Some gains might have been made, but long-standing issues remain. It is difficult for ₦30 billion to take care of the infrastructural deficits in 74 universities, even with the ₦2.5 billion each is to receive from TETFund, in its intervention support in 2026.

As is evident, many universities – both public and private – continue to admit more students than they have they capacities to carry, thereby exerting pressure on existing facilities like hostels and classrooms. Some departments have 500 students in a class, most of whom stay outside the halls to receive lectures, while the majority who are inside these halls have no seats. In a situation like this, the thorough assessment of students and individualised instructions becomes impossible.

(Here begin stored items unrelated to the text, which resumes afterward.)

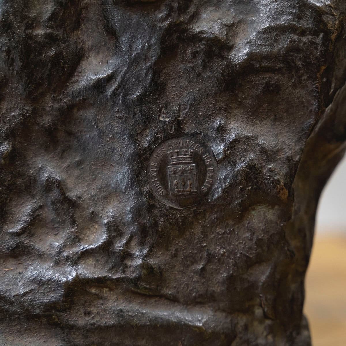 The foundry’s circular stamp , « Société des bronzes de Paris » (Paris Bronze Society) on the back of the sculpture.
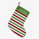 Meia festiva do feriado do Natal em listras vermelhas & verdes com parte superior verde - adicione seu nome para personalizar.
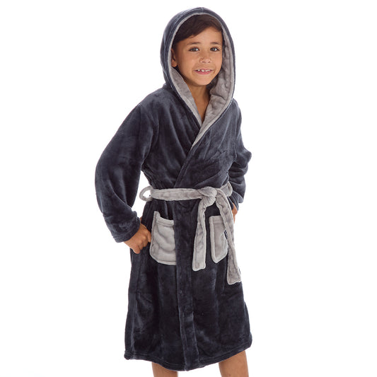 Boys Plain Charcoal Dressing Gown
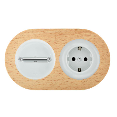 Fontini Блок на 2 поста, выключатель с розеток 2к+з, цвет белый фарфор, рамка - дерево бук отзывы
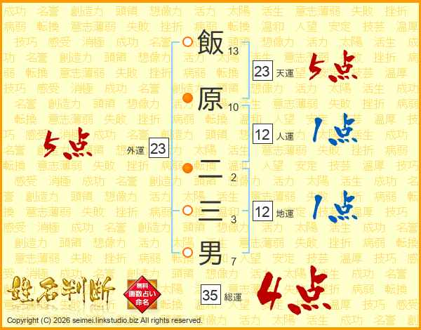 飯(13画)原(10画) 二(2画)三(3画)男(7画)
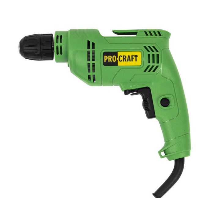 Дрель ProCraft PS700 – инструмент для сверления отверстий в деревянных, пластиковых, кирпичных, каменных, металлических, гипсокартонных поверхностях. Безударная электрическая дрель отличается небольшим весом, компактностью, за счет чего обеспечивается комфортная работа даже в стесненных условиях. Высокооборотистый двигатель (0.7 кВт) с легкостью разгоняется до 3300 оборотов в минуту. Для регулировки оборотов применяется плавная настройка колеса регулятора. Электродрель отличается эргономичным дизайном, сбалансированной конструкцией, снижающей нагрузку на руку. Длинный сетевой кабель обеспечивает возможность работы на большом расстоянии без необходимости применения переносок.
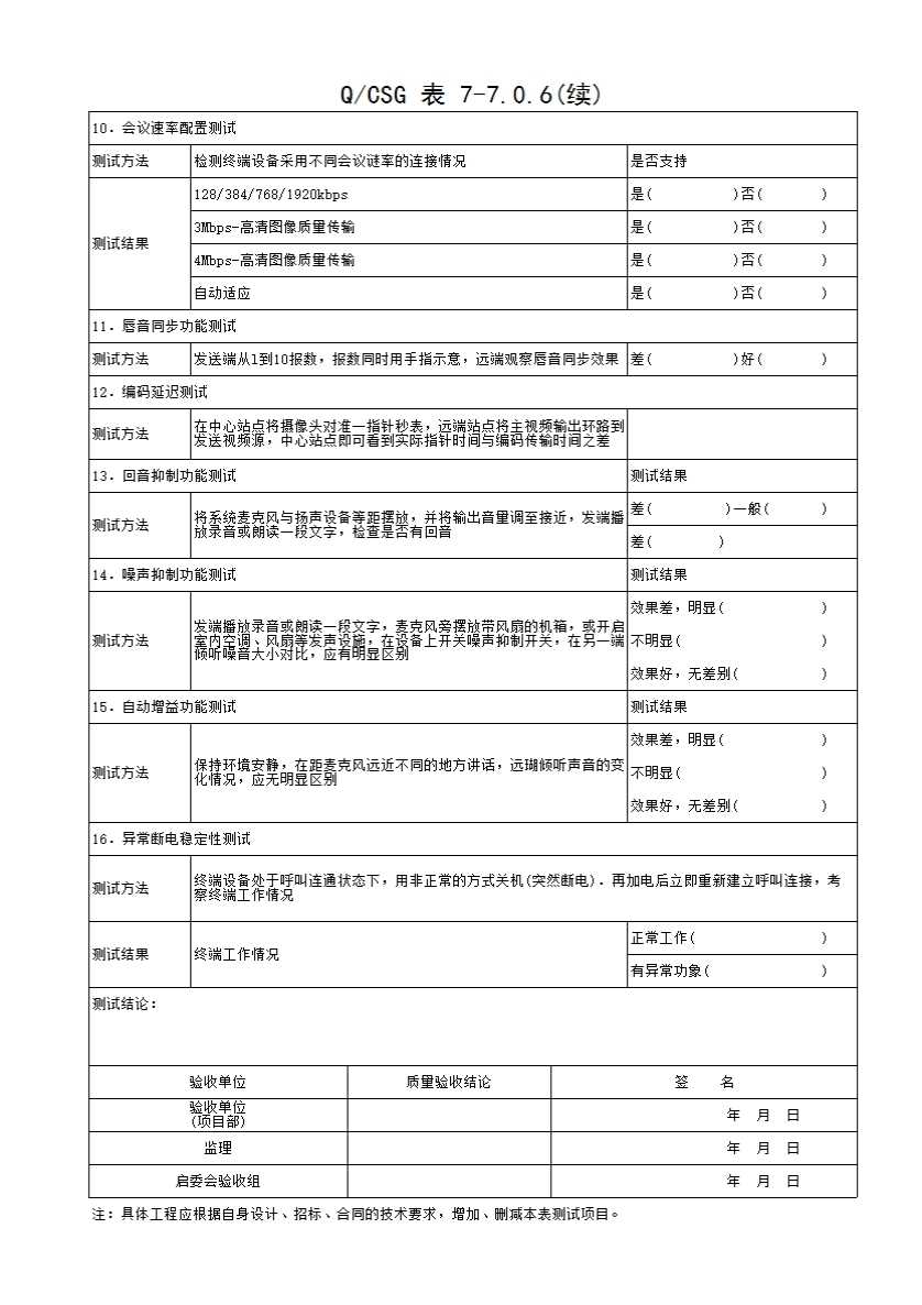 QCSG 表 7-7.0.6 视频会议终端功能测试记录表
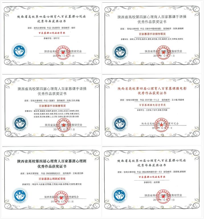 在2019年陕西省高校心理育人百家慕课微电影、心理剧、手语操、心朗读等评选活动中,beat365官网学生成果丰硕。手语操大赛中,文学与新闻传播学院吴斯云等创作表演的作品《夜空中最亮的星》荣获特等奖,数学与信息科学学院董亚楠等编排制作的作品《国家》荣获一等奖;心朗读大赛中,地理与环境学院学生胡可可创作表演的作品《至恩师》荣获特等奖,文学与新闻传播学院学生赵芙蓉的作品《我还想再爱你多一天》荣获二等奖;美术学院学生王舒淇等拍摄制作的《你不是一个人》荣获微电影一等奖;外国语学院学生常金华等创作演出的作品《转身拥抱阳光》荣获心理剧二等奖;张静、郝晓辉、刘瑞、王欢、郝鑫、杨昕、吴碧翠、王小敏、常建博、王娟、苗亚静等荣获优秀指导教师。
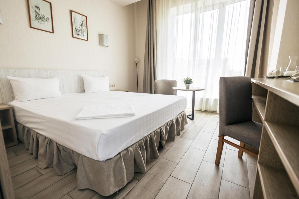 Двухместный номер, стандарт, площадь колеблется от 18 до 25 кв. м. В каждом номере по запросу гостей кровать размером 180х200, либо 2 кровати 90х200. А также дополнительное спальное место. Рядом с кроватью находится тумбочка. Особое внимание уделено расположению розеток и освещения . В шкафу могут разместить вещи несколько гостей. За письменным столом удобно поработать, а в кресле у окна расслабиться с чашечкой чая и посмотреть телевизор. Санузлы в двухместный номерах оснащены душевой кабиной или ванной. К услугам гостей свежее белье, полотенца, косметические принадлежности и одноразовые тапочки.
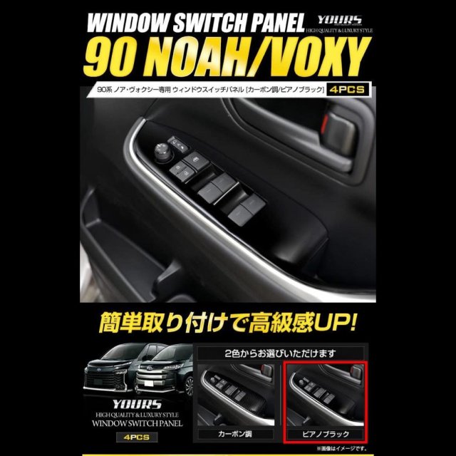 YOURS Voxy & Noah 90 Series Window Switch Panel, 4 Pieces Carbon Tone or Piano Black
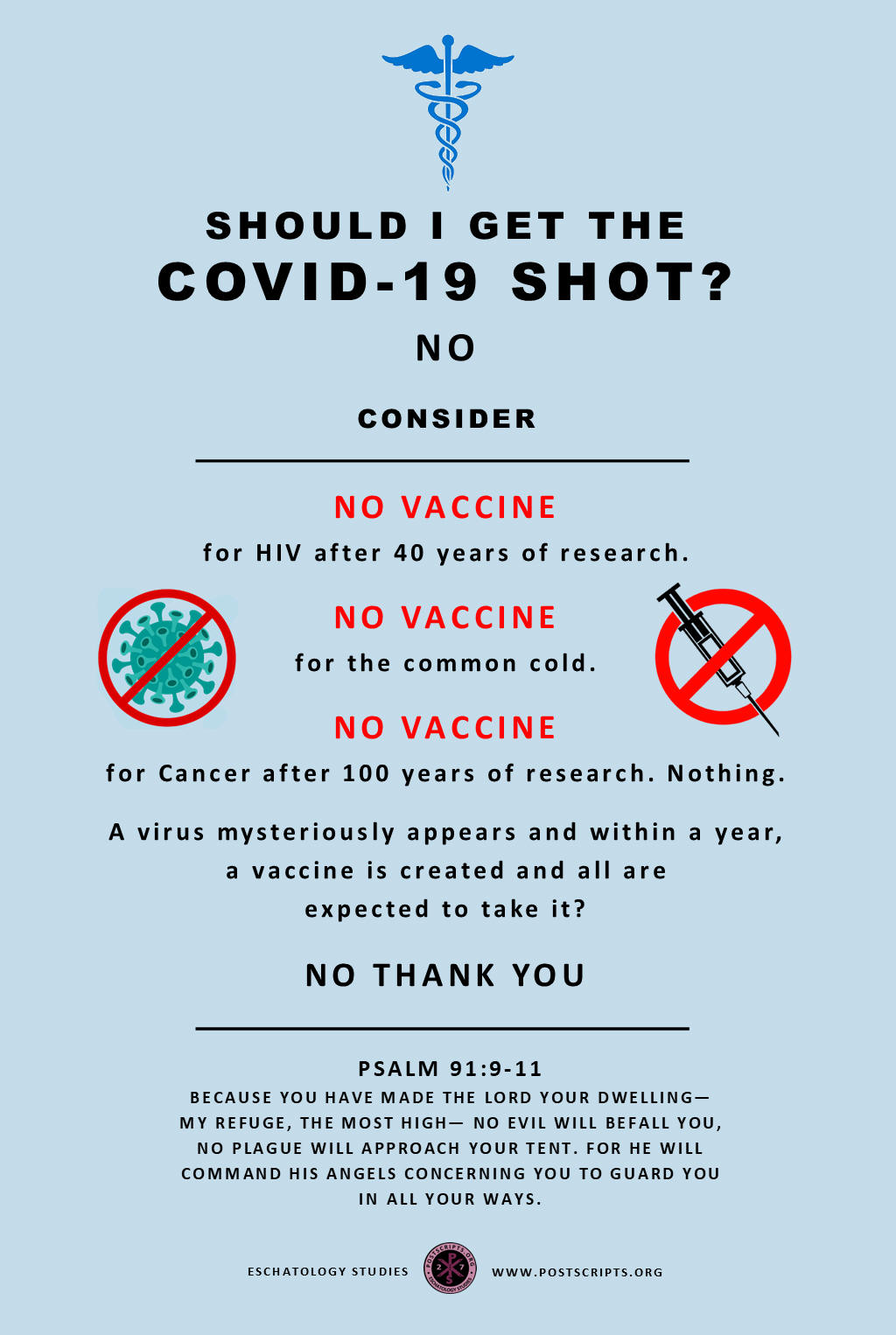 詩篇91:9-11 「耶和華是我的避難所;你已將至高者當你的居所,禍患必不臨到你,災害也不挨近你的帳棚。因他要為你吩咐他的使者,在你行的一切道路上保護你。」(中文和合本)
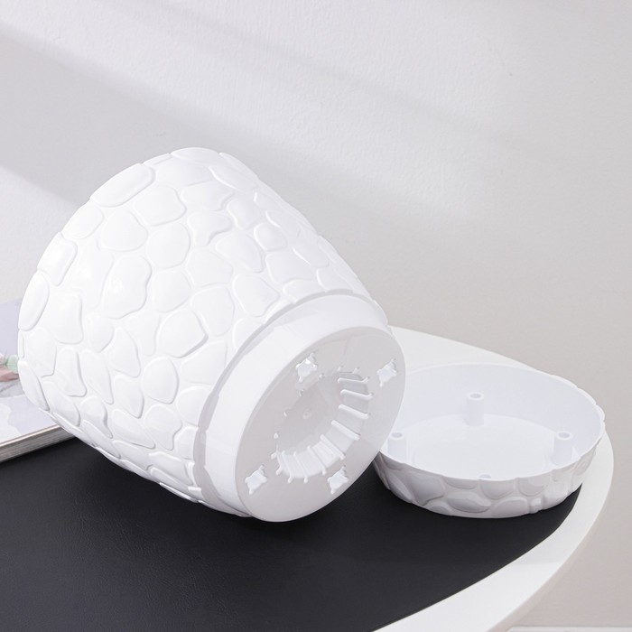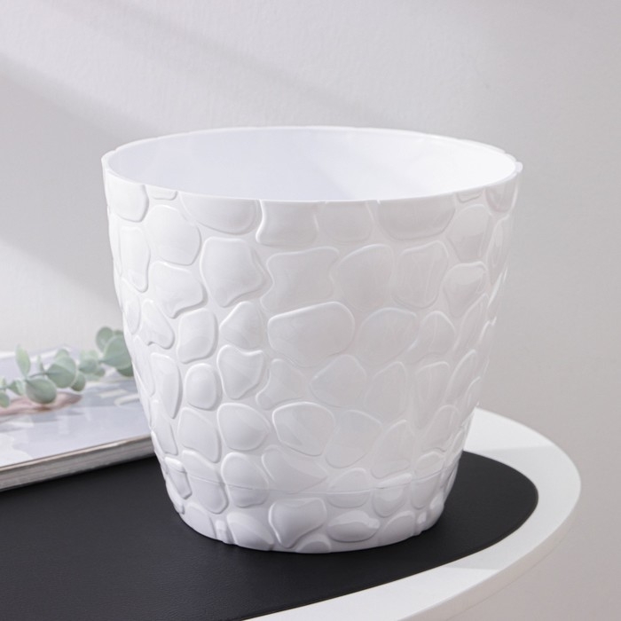Горшок для цветов с поддоном «Камешки», 5 л, пластик, белый
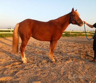 cavalla incrocio quarter haflinger, 6 anni, bravissima nel lavoro in campo, ottima per trekking e passeggiate da bambini.
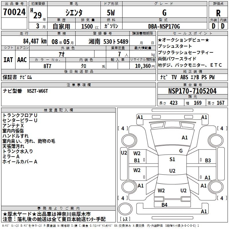 TOYOTA SIENTA G - лот 70024
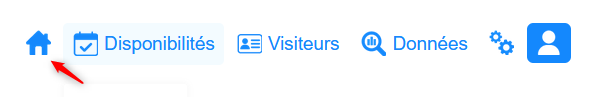 Quand vous vous connectez sur la plateforme, la page d'accueil affiche toutes vos demandes et leurs statuts sur un calendrier. Cette page est toujours accessible via le bouton Mes demandes dans la barre de navigation en haut de la page :
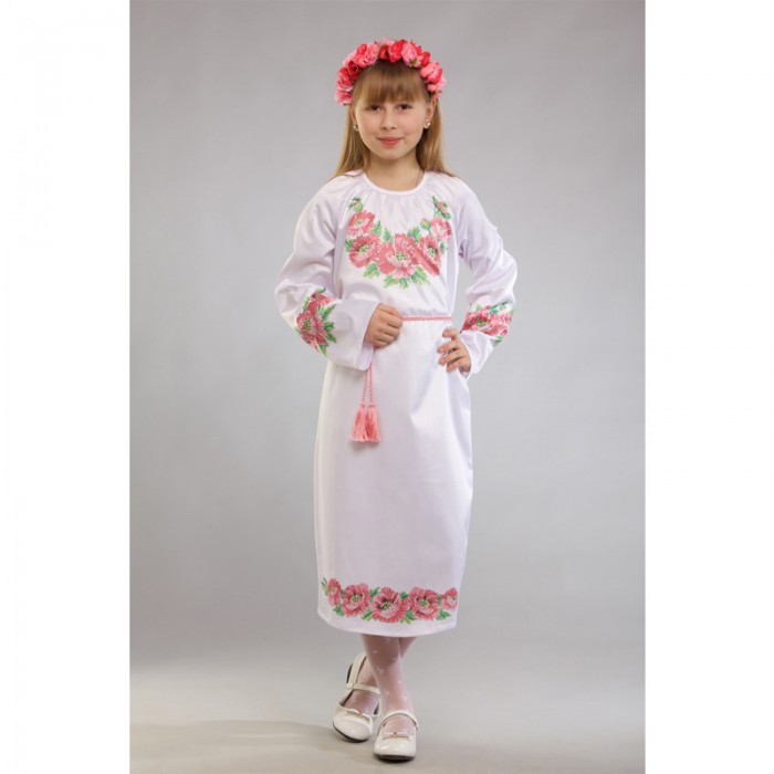 Заготовка дитячого плаття на 9-12 років "Маки рожеві" для вишивки бісером (ПД015кБ40нн)
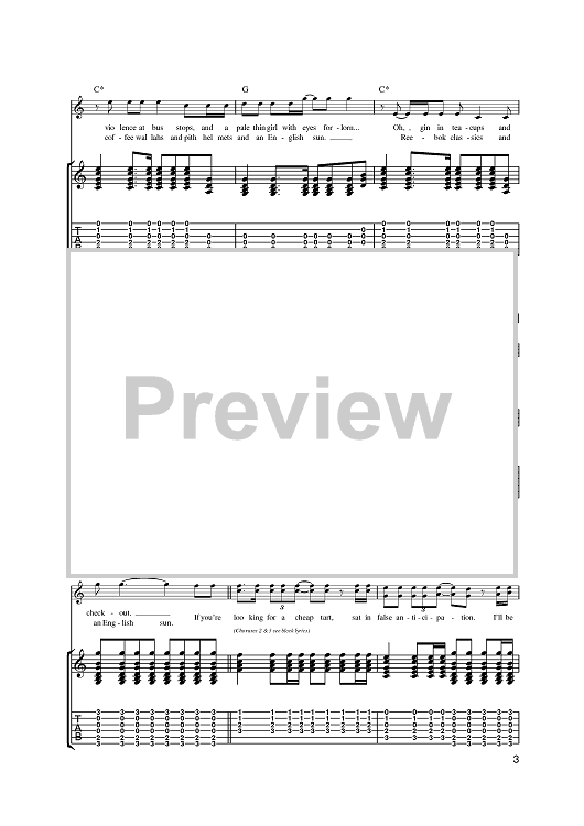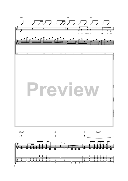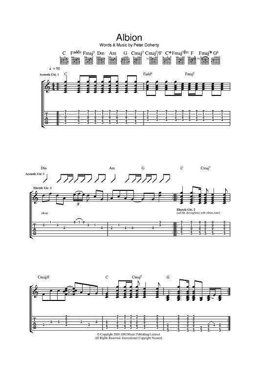 Digital Sheet Music for Albion by Babyshambles, Pete Doherty scored for Guitar Tab; id:391554

Regrettably, more institutions have been created under the guise of expanding access to university education. In 2012, when the Needs Assessment of Universities came out with a damning report on the degradation of facilities and shortage of 34,000 PhD holders – the minimum qualification to teach at that level, only 124 universities existed. Federal and state governments had 37 universities each, and
50 owned by individuals.

The Federal Executive Council (FEC), in its consideration of the report, observed that “Students cannot get accommodation; where they get, they are packed like sardines in tiny rooms. No light and water in hostels, classrooms and laboratories.” These conditions remain the same, 14 years later. In fact, they have doubled with the increase in the number of universities.

The country needs to be guided by the Registrar of JAMB, Ishaq Oloyede’s disclosure in 2018, that having more universities is needless. For instance, data showed that of the 1.6 million who sat the 2018 UTME, only 700,000 met the minimum requirement of five O-level credits, including English and Mathematics. Not all the candidates passed.

Mr Oloyede’s position is reinforced by the fact that 34 universities had ZERO student applications in the 2024/25 UTME, and 199 other universities received fewer than 100 applicants. The funds used to set these institutions up, in the case of public universities, would have been channelled to the sustenance of existing ones.

A federal government that inserted a questionable ₦135 billion in the 2026 budget for election litigation, when candidates actually bear this cost, should do more in funding our universities. Admissions outside of JAMB’s Central Admission Processing Systems (CAPS) should be viewed as system derailment and undue pressure on university infrastructure, with negative effects on the quality of our degrees. Over 4,000 of these cases are recorded annually. And, the only way to enforce compliance, discipline and standards is by sacking errant Vice Chancellors. They have made nonsense out of the CAPS since its creation in 2017.

The absence of international faculty and students in our universities, and their poor showing in global rankings, speaks a lot about their inadequacies in knowledge production. These deserve priority attention, and ASUU should not buckle under its continuous charge for excellence!